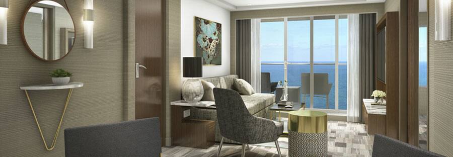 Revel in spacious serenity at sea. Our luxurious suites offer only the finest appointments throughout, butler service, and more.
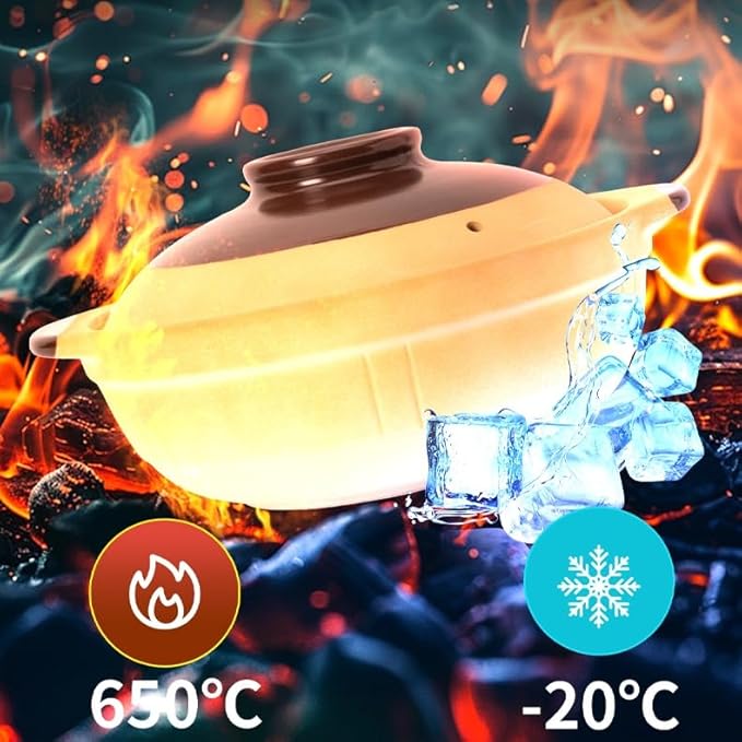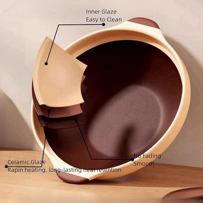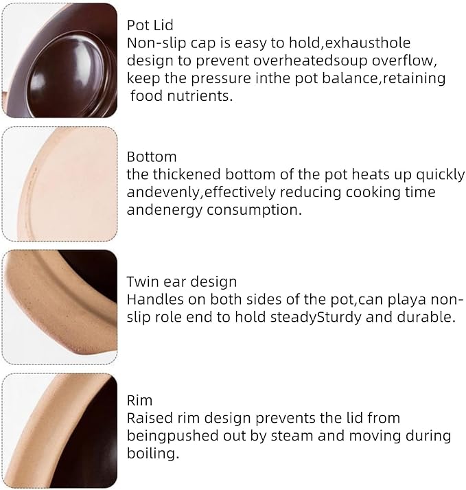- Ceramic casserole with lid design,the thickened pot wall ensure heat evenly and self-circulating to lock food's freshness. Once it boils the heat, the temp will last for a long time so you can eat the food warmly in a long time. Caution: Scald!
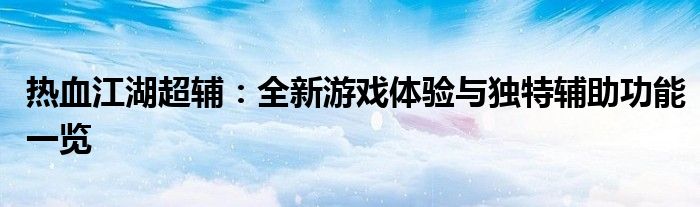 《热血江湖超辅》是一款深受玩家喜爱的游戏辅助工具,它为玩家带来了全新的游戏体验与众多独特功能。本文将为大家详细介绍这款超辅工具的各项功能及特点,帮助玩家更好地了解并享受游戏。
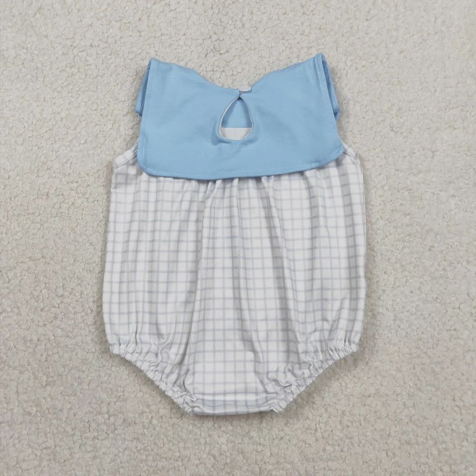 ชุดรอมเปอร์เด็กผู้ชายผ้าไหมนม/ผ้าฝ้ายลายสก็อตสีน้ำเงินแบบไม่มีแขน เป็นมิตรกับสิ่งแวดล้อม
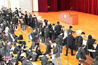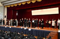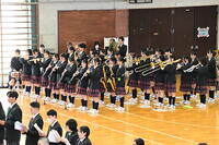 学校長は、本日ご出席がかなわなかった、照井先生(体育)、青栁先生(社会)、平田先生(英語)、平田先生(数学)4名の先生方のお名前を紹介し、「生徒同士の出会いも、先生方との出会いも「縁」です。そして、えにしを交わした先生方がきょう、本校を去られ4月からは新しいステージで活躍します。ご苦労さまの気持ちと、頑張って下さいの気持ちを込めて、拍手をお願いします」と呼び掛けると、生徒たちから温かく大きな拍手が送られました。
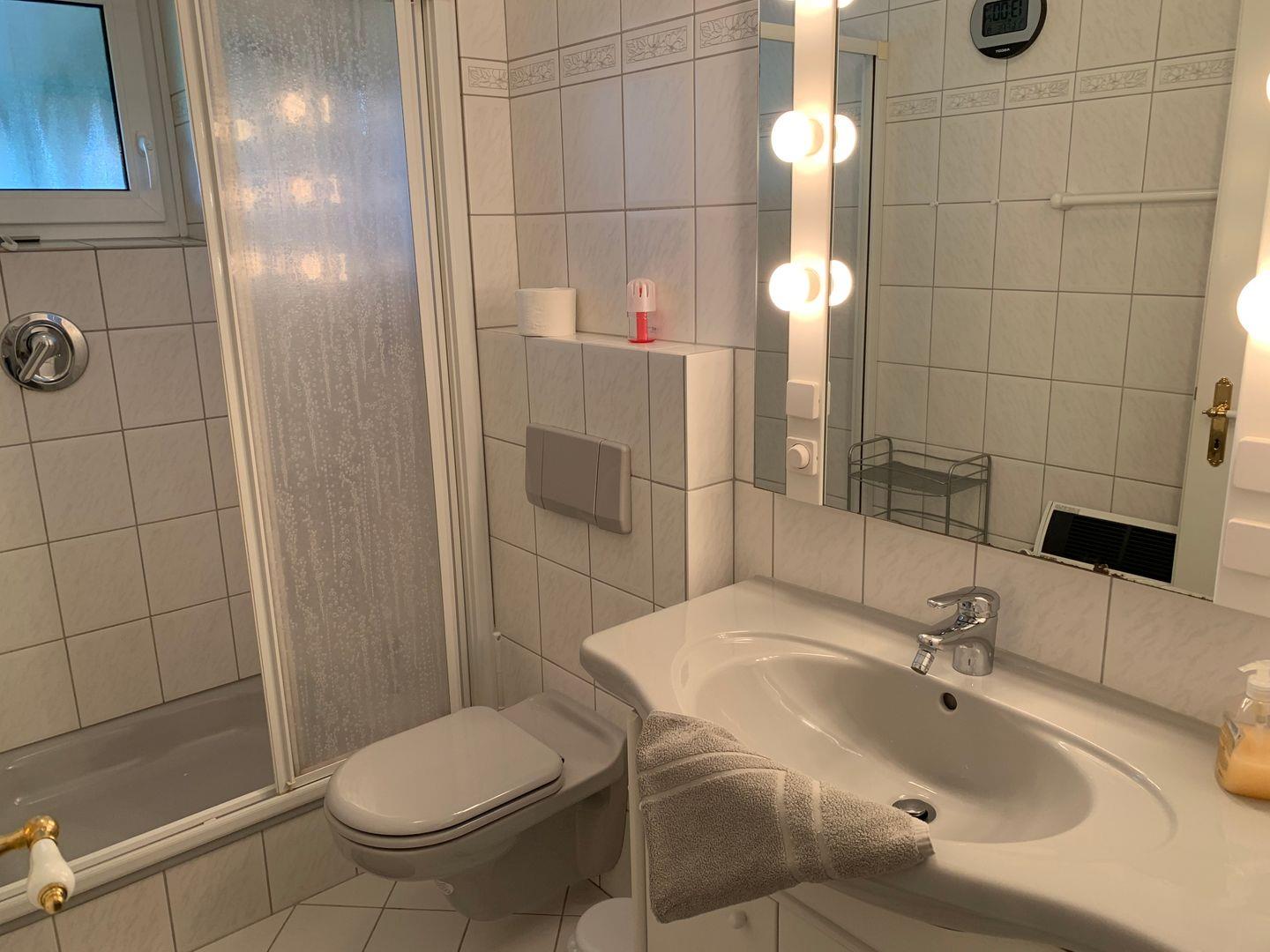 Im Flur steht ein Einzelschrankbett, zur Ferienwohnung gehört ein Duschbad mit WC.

◆ ◆ ◆ ◆

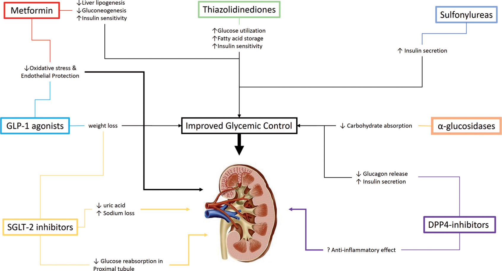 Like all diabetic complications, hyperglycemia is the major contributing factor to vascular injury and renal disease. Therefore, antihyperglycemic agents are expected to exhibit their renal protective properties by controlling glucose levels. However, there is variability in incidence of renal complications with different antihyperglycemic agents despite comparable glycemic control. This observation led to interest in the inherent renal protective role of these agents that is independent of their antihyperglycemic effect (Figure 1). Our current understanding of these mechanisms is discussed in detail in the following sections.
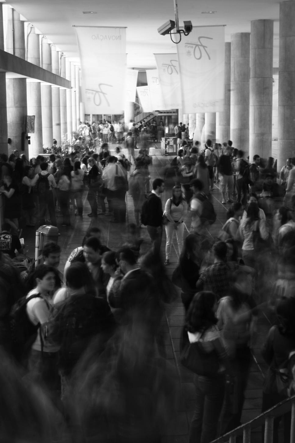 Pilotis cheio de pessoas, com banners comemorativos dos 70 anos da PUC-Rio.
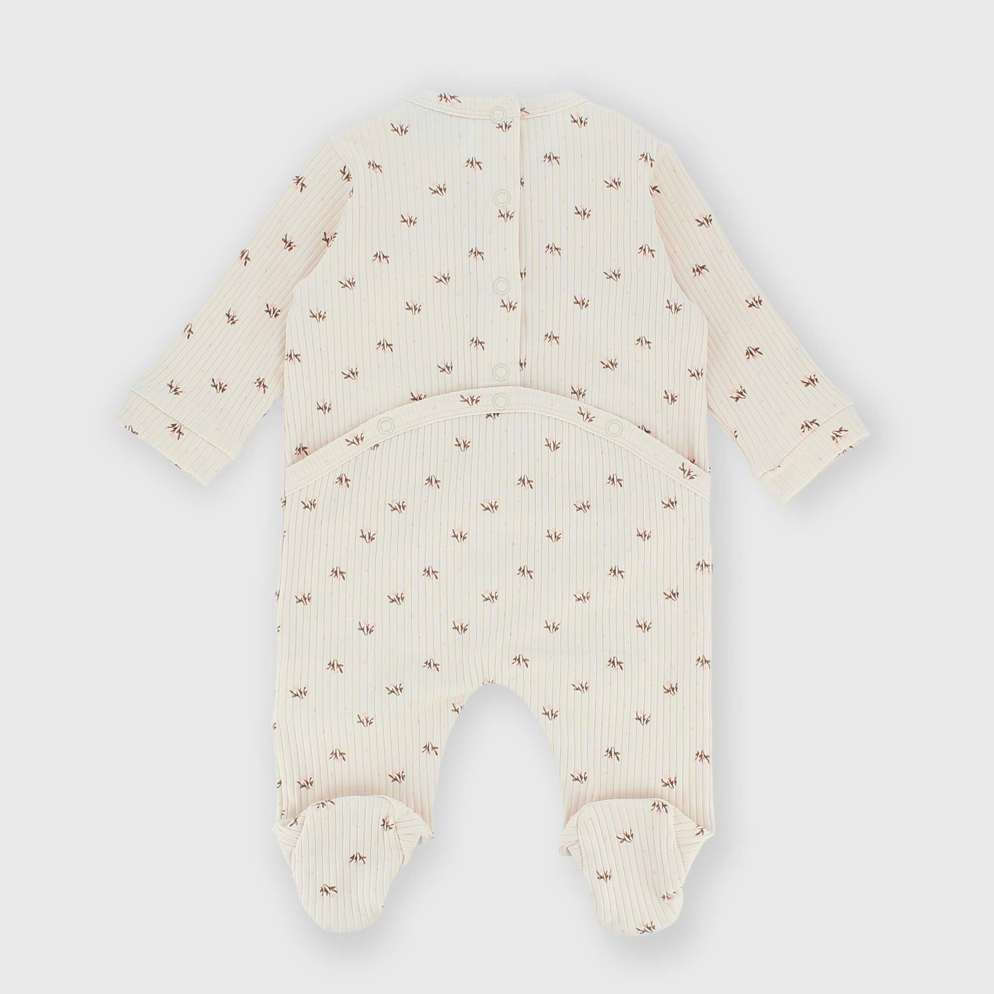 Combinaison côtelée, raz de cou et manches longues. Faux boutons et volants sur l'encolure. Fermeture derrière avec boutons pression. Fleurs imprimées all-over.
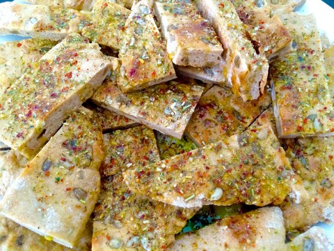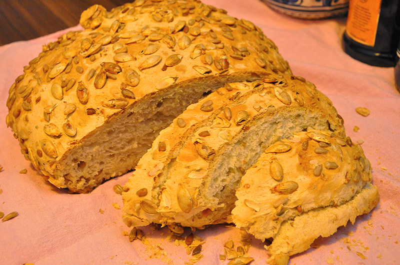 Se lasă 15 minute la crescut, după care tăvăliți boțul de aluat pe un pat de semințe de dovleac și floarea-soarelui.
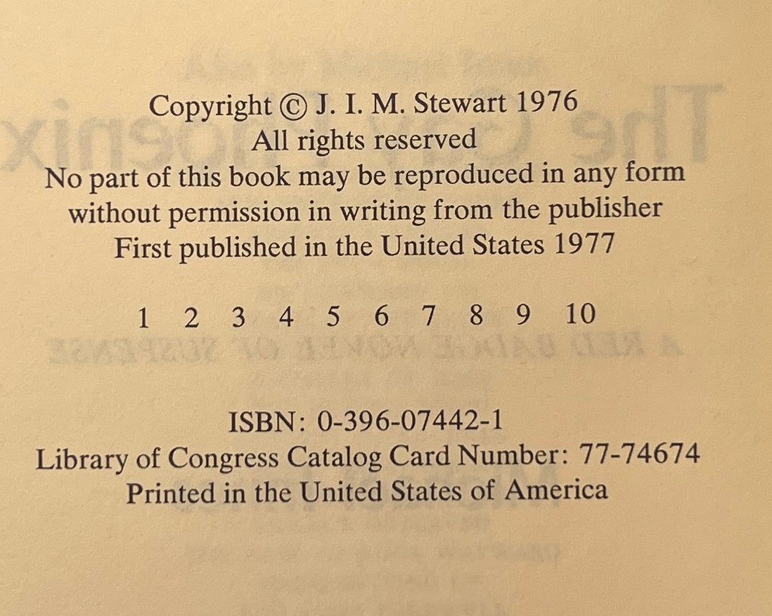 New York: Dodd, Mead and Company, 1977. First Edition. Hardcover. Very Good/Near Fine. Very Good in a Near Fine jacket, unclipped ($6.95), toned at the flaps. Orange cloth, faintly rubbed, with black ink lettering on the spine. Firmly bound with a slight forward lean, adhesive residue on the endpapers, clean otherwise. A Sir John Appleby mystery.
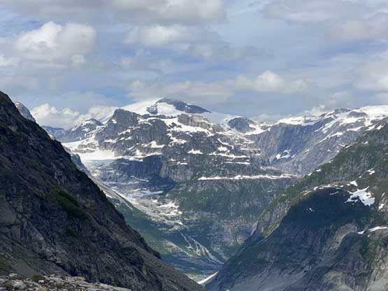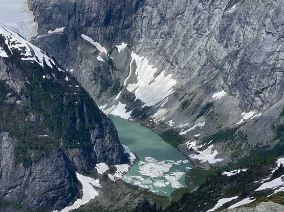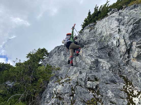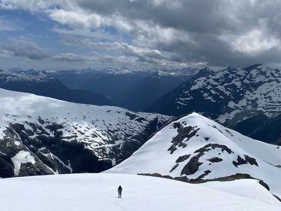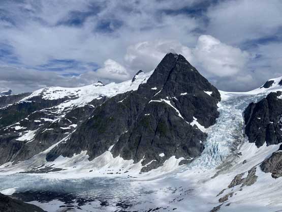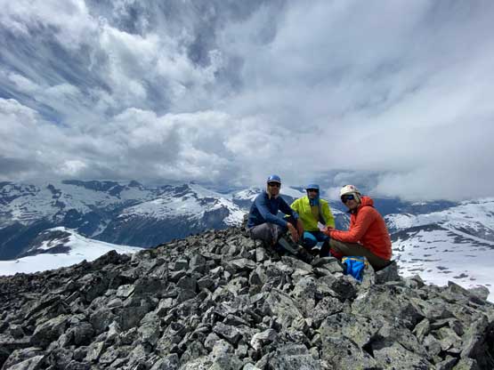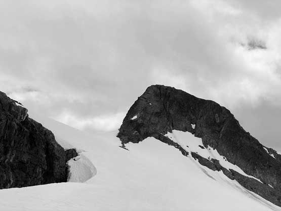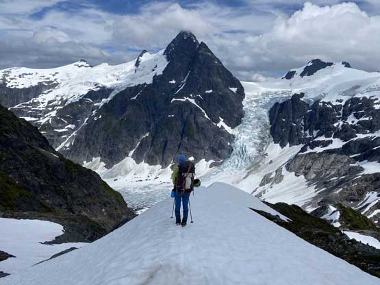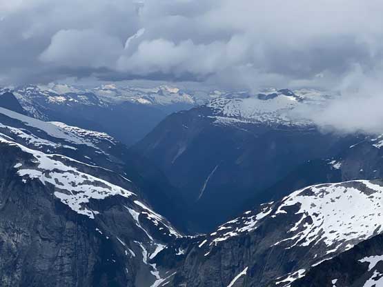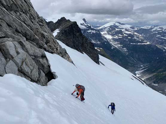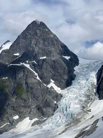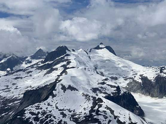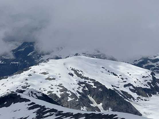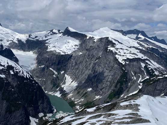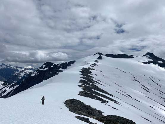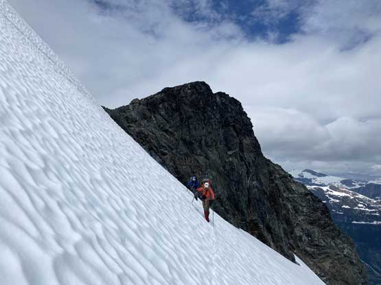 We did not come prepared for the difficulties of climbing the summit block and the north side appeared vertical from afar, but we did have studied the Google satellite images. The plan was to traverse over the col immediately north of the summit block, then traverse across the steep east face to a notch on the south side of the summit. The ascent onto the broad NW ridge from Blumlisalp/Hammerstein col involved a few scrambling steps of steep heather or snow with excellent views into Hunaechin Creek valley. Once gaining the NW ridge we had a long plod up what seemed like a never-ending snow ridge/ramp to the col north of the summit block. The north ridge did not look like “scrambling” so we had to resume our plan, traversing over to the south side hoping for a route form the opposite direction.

◆ ◆ ◆ ◆

**What the task asks**
When you reach the line that has "ชุดรอมเปอร์เด็" in the data above, start repeating lines exactly, and stop after the line that has "Im Flur steht"; pictures stay out.

**Expected answer**
 ชุดรอมเปอร์เด็กผู้ชายผ้าไหมนม/ผ้าฝ้ายลายสก็อตสีน้ำเงินแบบไม่มีแขน เป็นมิตรกับสิ่งแวดล้อม
 学校長は、本日ご出席がかなわなかった、照井先生(体育)、青栁先生(社会)、平田先生(英語)、平田先生(数学)4名の先生方のお名前を紹介し、「生徒同士の出会いも、先生方との出会いも「縁」です。そして、えにしを交わした先生方がきょう、本校を去られ4月からは新しいステージで活躍します。ご苦労さまの気持ちと、頑張って下さいの気持ちを込めて、拍手をお願いします」と呼び掛けると、生徒たちから温かく大きな拍手が送られました。
 Im Flur steht ein Einzelschrankbett, zur Ferienwohnung gehört ein Duschbad mit WC.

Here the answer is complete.